The Colossus Project
xAI crammed 200,000 H100 GPUs into Memphis and called it Colossus. For perspective, that's more GPUs than AWS, Google, or Microsoft allocate to any single customer. While normal companies spend 18-36 months building data centers (because permits, environmental studies, and not wanting to fuck up a billion-dollar project), xAI got theirs running in 122 days.
How did they pull this off? They cheated. Instead of building from scratch like proper data center companies, they grabbed a dead Electrolux factory from 2020. All the boring shit like structural engineering, power grid connections, and environmental permits were already sorted. They just had to gut it and stuff it with GPUs.
Memphis: Because They Need Stupid Amounts of Power
150MW continuous draw. That's not a typo - they're sucking down enough juice to power a small city. The Tennessee Valley Authority can actually deliver that much power without the grid shitting itself, which rules out pretty much everywhere else in America.
The power bill? They're not telling, but it's gotta be tens of millions per month just for electricity. Plus Memphis gets hot as balls in summer, so they're burning even more money keeping 200k H100s from melting into expensive paperweights.
Memphis also doesn't give a shit about environmental reviews like California does. Try building this in San Francisco - you'd still be waiting for permits in 2027.
Networking 200k GPUs: A Fucking Nightmare
3.6 Tbps per server. That's more bandwidth than most ISPs have for their entire customer base. xAI's specs aren't joking around - when you need to sync gradients across 200k GPUs, every nanosecond of network latency tanks your training performance. The NVIDIA networking architecture uses custom topology designed specifically for this scale.
Off-the-shelf networking gear would curl up in a corner and die. They had to build custom topology because Cisco's best switches become the bottleneck when you're trying to move model weights between 200k GPUs. High-performance computing networking at this scale requires specialized InfiniBand solutions. One misconfigured switch and your billion-dollar training run sits there doing nothing.
And shit breaks constantly. At this scale, you expect hundreds of GPUs to die every day. Network cards fail, switches overheat, cables get unplugged by accident. The software has to just deal with it and keep training around the failures.
Cooling 150MW: Don't Let the Magic Smoke Escape
Each H100 dumps 700W of heat when it's working hard. Multiply that by 200k and you're generating enough heat to warm a small town - around 140MW worth. That's on top of all the networking gear, storage, and other shit that also gets hot.
Air conditioning? Forget about it. You need liquid cooling that can handle the thermal output of a city. The cooling bill is probably 30% of their total operational costs. And if the cooling fails for even a few minutes, you just turned $50 billion worth of GPUs into very expensive e-waste. The Supermicro liquid cooling systems had to be specifically engineered for this deployment.
Memphis humidity doesn't help either. Sure, it's better than Arizona, but you're still fighting physics when you need to dump that much waste heat into the atmosphere.
What All This Hardware Actually Gets You
Grok 3 used 10x more compute than Grok 2 to train. That's not just throwing money at the problem - when you can dedicate 200k GPUs to a single training run, you can try model architectures that everyone else can only dream about.
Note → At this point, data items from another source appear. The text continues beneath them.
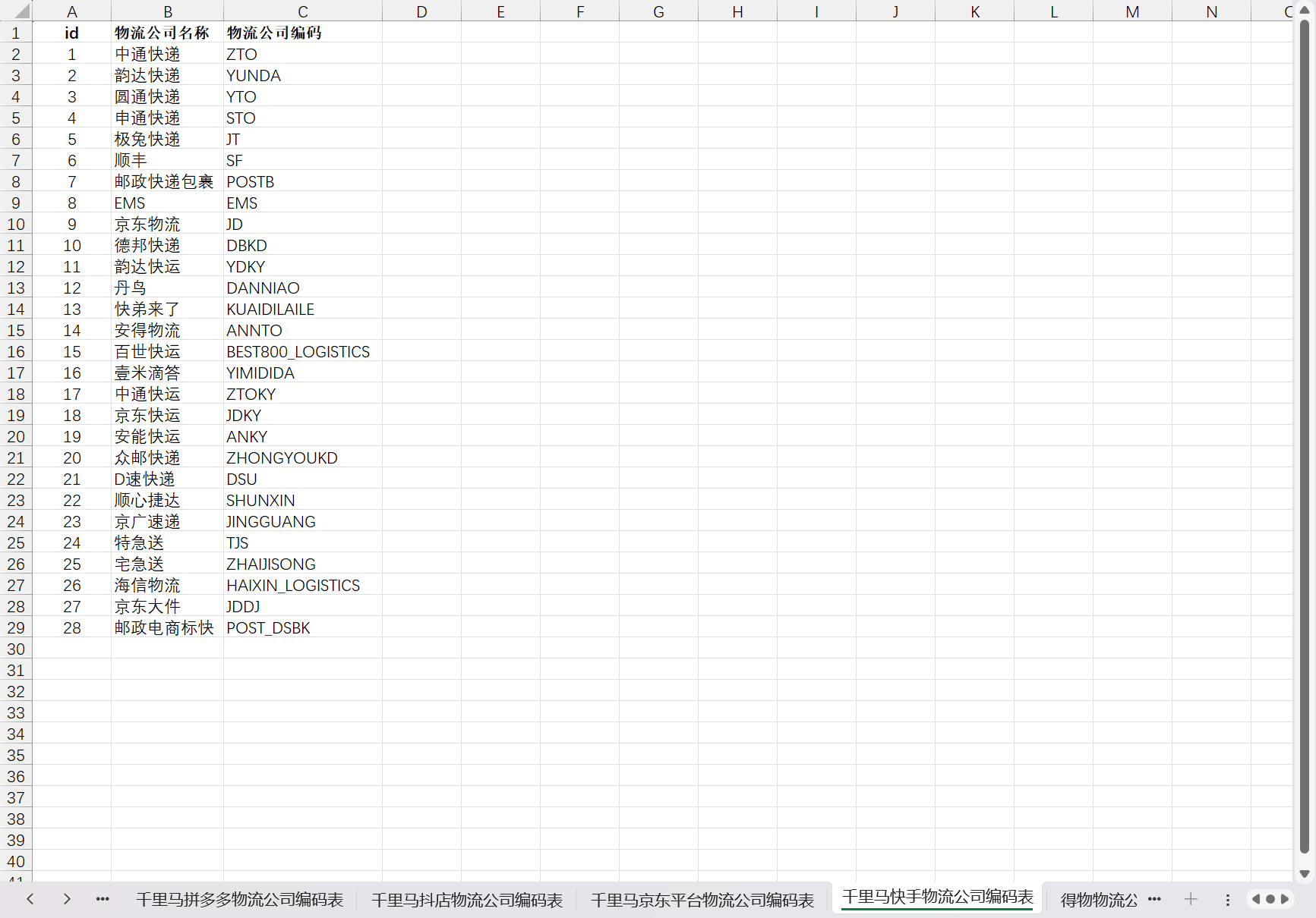目录 搜索 订购应用与登录系统一、1分钟快速入门二、打单发货管理快递模板管理模板自定义区域设置取号打单订单插旗备注电子面单报表管理导入运单号发货订单同步取货/退货地址管理订单批量操作三、厂家代发场景设置与使用四、设置多店铺管理与授权五、常见问题如果查看我订购的千里马安装电子面单打印组件快递模板自定义区域修改后不生效问题 暂无相关搜索结果! 导入运单号发货 此功能可用于对已获取快递单号的订单进行批量发货操作。操作流程如下:操作完成后,订单状态会自动变更为“已发货” 下载的Excel模板如下图: 上方Excel模板中,共有3个字段信息,均为必填项,订单号与运单号需一一对应,物流编号可切换Excel的Sheet:“千里马快手平台物流公司编码表”,根据单号所属的物流公司名称查找对应的编码文档更新时间: 2026-03-25 10:33 作者:hanson
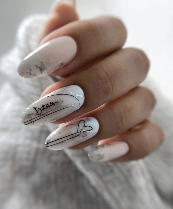 Perfect for the romantics, this delicate design features a pale pink base with minimalistic black script and subtle illustrations like clouds or stars. Words like “Dream” transform your nails into tiny pieces of poetry. This artistic and airy design pairs beautifully with flowing maxi skirts, bohemian tops, and light, dreamy textures for a summer look straight out of a fairytale.
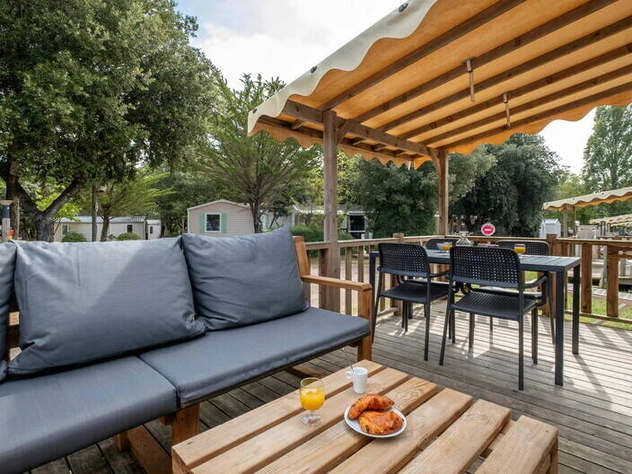 Når sulten melder sig, kan I spise på campingpladsens egen restaurant eller pizzeria, hvor der serveres lokale middelhavsretter, sprøde pizzaer lavet på italiensk maner og internationale klassikere. Ønsker I at tage maden med hjem i boligen, er der også mulighed for takeaway på campingpladsen. Bliver I tørstige i løbet af dagen, eller kunne I tænke jer at slutte dagen af med en drink og et spil kort med familien, byder campingpladsens bar på kolde drikkevarer.
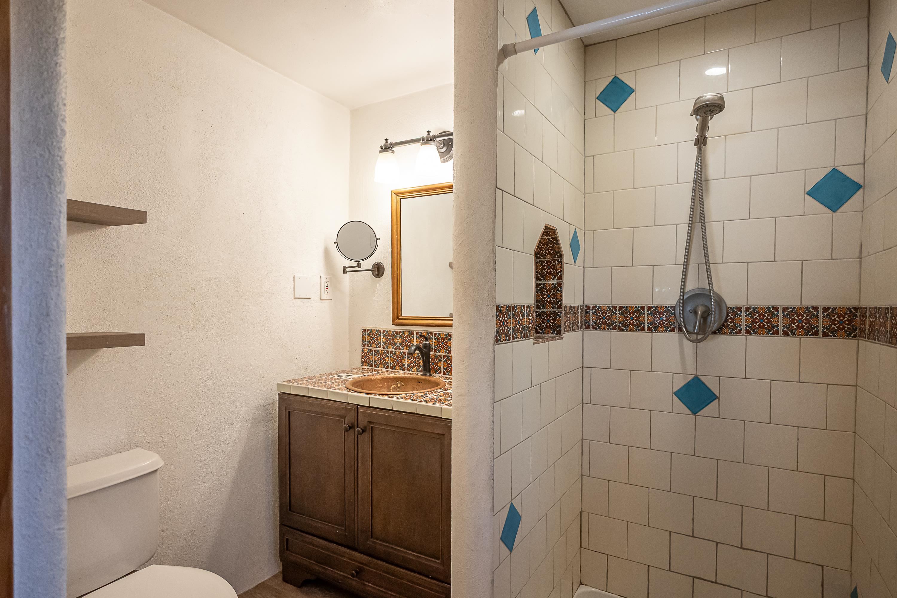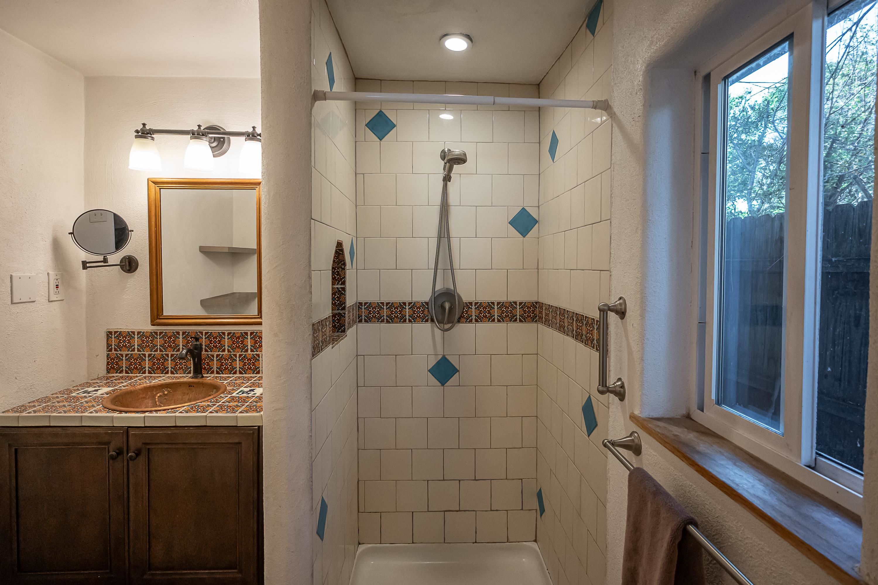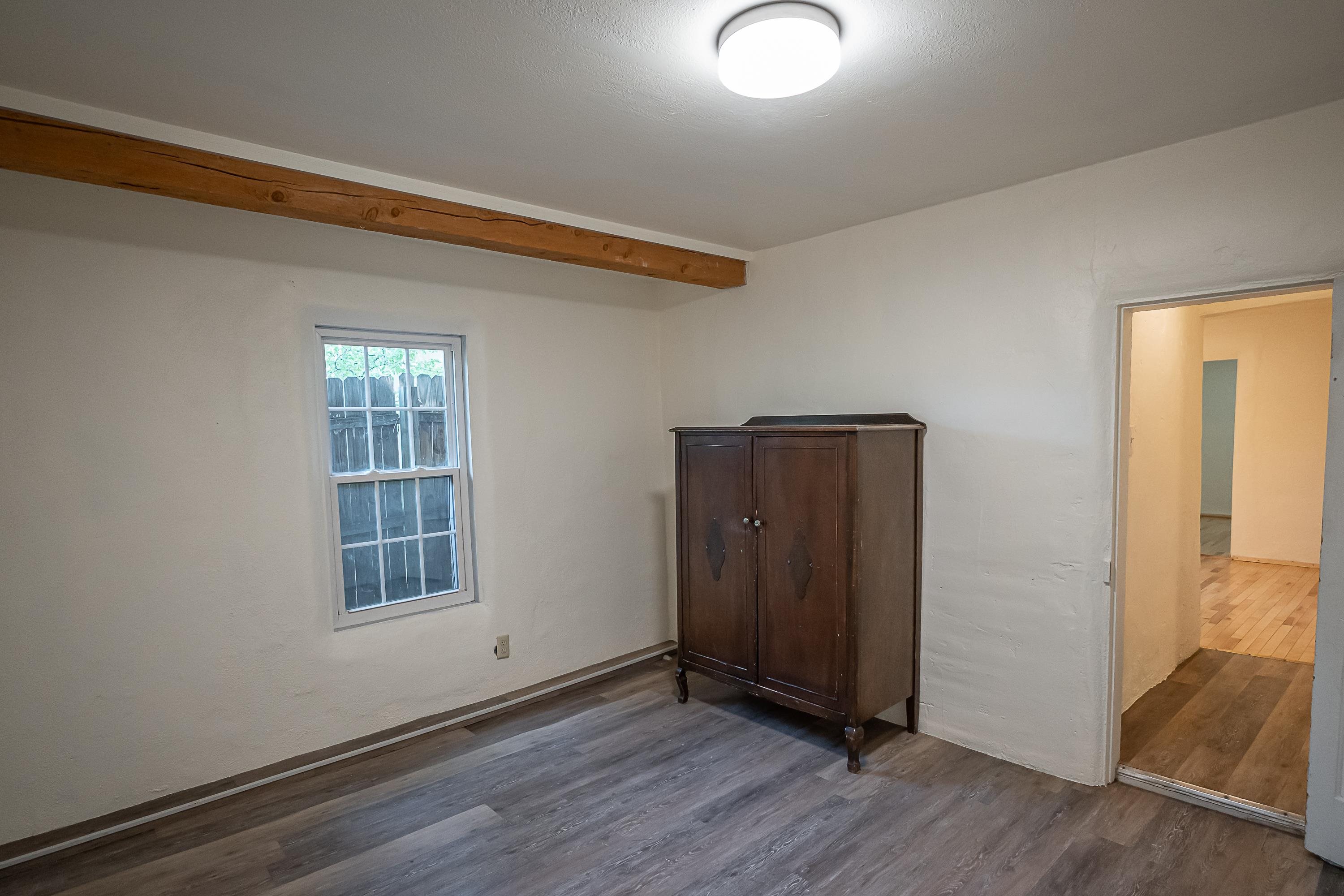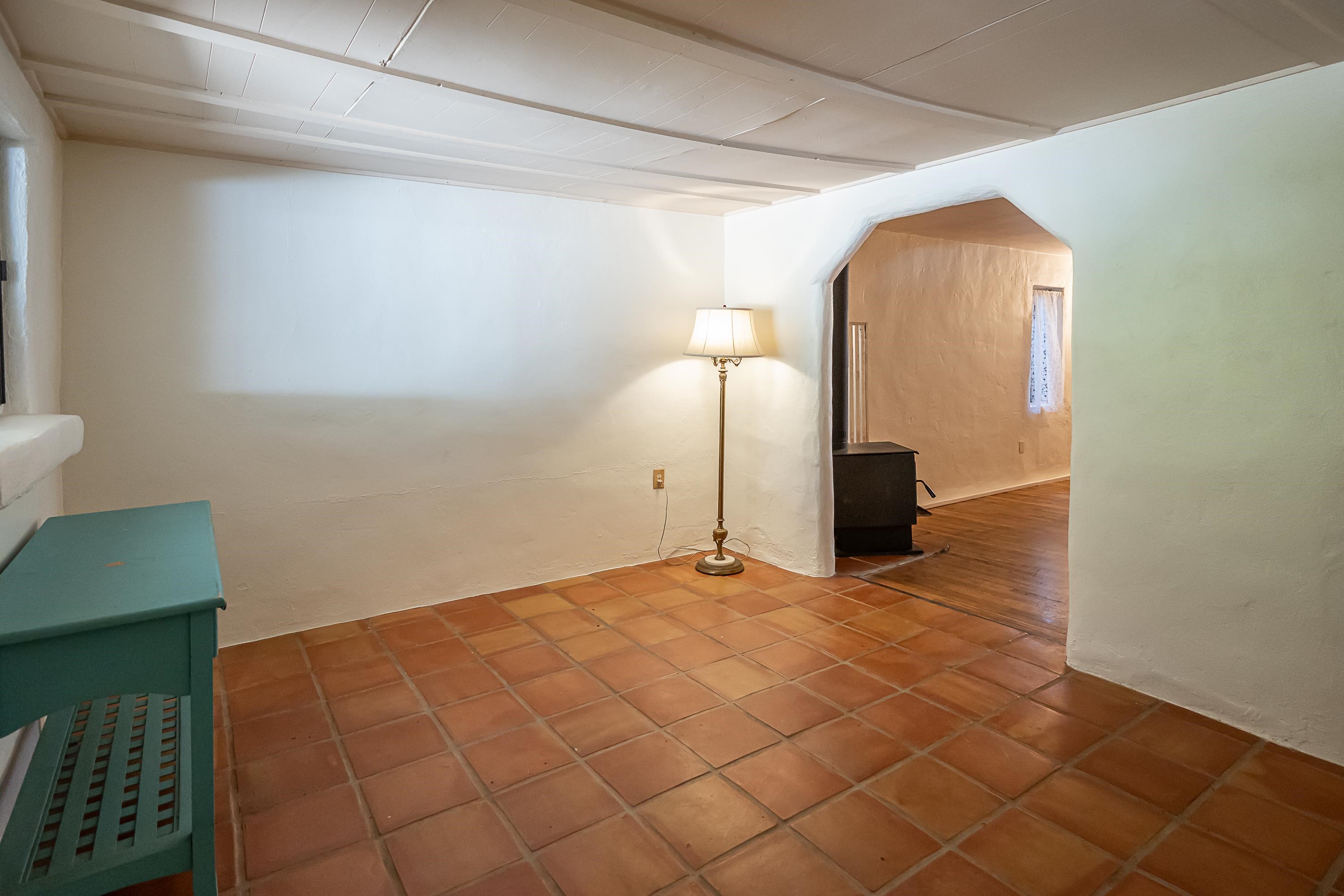 Sweet little Bungalow in a lush setting close to the center of town. Located off of Ranchitos on Conrad Lane, this house is move-in ready. There is lots of flexibility in the floorplan- we are marketing it as a 2 bedroom, but there are 2 additional bonus rooms that could be an office, a dining room, a craft/studio room, an extra bedroom , home gym, library, meditation room, whatever suits your needs and wants! Step into a sunny entry room that leads into a large living room with hardwood floors and a cozy woodstove. Beyond that is a bright and cheerful kitchen with butcherblock countertops and a nice amount of storage. There is a laundry room at the back of the house with a washer and dryer and windows that let in natural light. A hallway off the living room leads to the bedrooms and bathroom. The bathroom has a walk-in shower and a copper sink in the vanity. The shower and vanity have colorful Talavera tile. Recent upgrades include new paint, redone sewer line and electrical improvements.
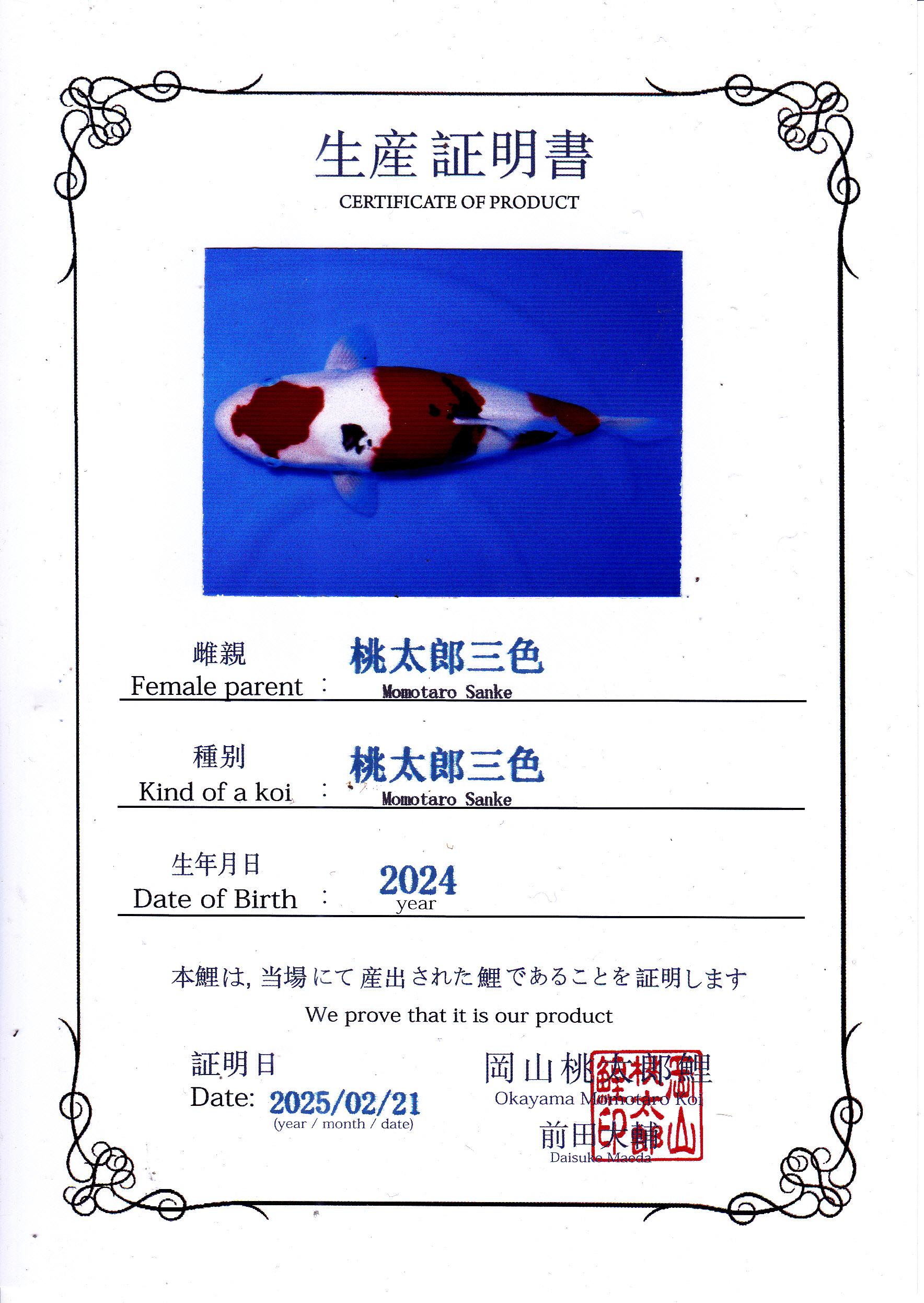 • Certificate: MOMOTARO KOI FARM
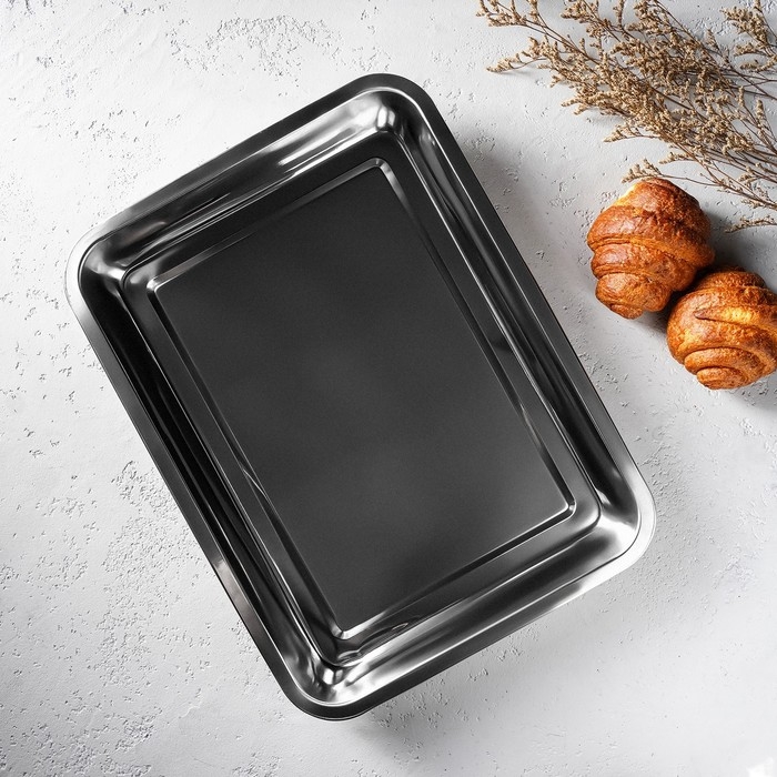 Противень из нержавеющей стали, 3,8 л, 39,5×29×5,5 см, цвет хромированный
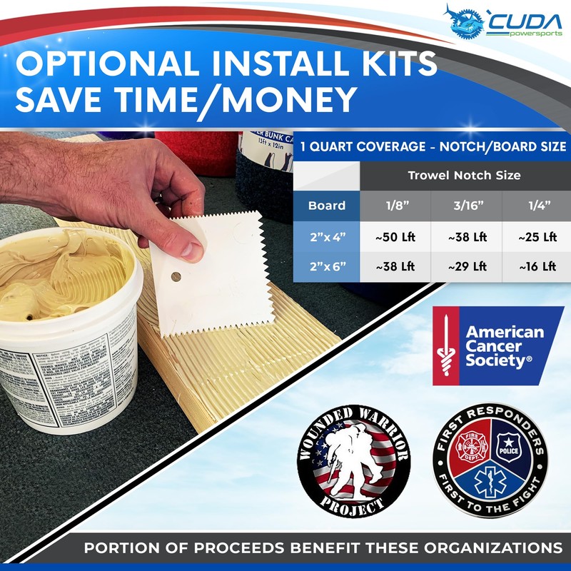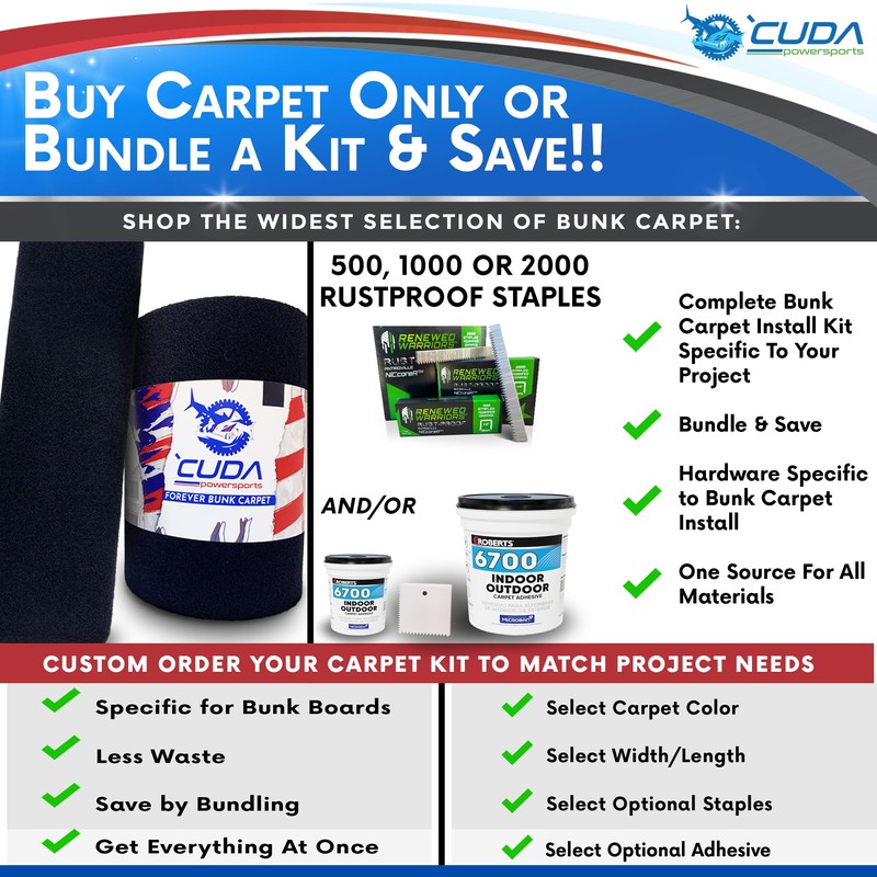 - CARPET INSTALL KIT - 'Cuda's Carpet Install Kit takes guess-work out of marine bunk carpet install. Includes adhesive, staples & notched trowel. FOREVER Boat bunk board carpet needs adhesive to ensure longevity of boat trailer carpeting

The "Think" mode burns compute like crazy - maybe 50x more per query than normal inference. Most companies would go bankrupt running that on rented cloud GPUs. But when you own the hardware, you can afford to be wasteful with compute to get smarter answers.
OpenAI trains on maybe 25k GPUs max. Meta uses 30-50k. Google spreads their TPUs across a bunch of different projects. xAI can throw all 200k at one model and see what happens.
When Everything's Always Broken
At this scale, something dies every few minutes. GPUs overheat, network cards shit the bed, cooling pumps break, power supplies fry themselves. It's not "if" hardware fails, it's "how many things broke while I was getting coffee." The data center design specifications had to account for continuous hardware replacement cycles.
99% uptime means 2,000 GPUs are dead at any given moment. That's not a problem, that's Tuesday. Most data centers freak out when three servers fail. Here, losing a few hundred GPUs during a training run is just background noise.
The software has to be bulletproof. You can't pause a billion-dollar training run because GPU #47,293 decided to take a dirt nap. The training code expects failures and routes around them automatically.
The Million GPU Pipe Dream
They want 1 million GPUs eventually. That's completely insane. 750MW of power - half a nuclear plant's worth. The TVA power grid analysis would need to build new transmission lines just for them.
Cooling 750MW of waste heat? You'd need to divert a river. Memphis would become the GPU capital of America by accident, and the locals would probably hate them for it.
And the failures... if 200k GPUs means 2k are always broken, 1 million means 10k dead GPUs at any moment. You'd need an entire warehouse just for replacement parts and a small army of techs swapping hardware 24/7.
This is either visionary or completely fucking crazy. Probably both.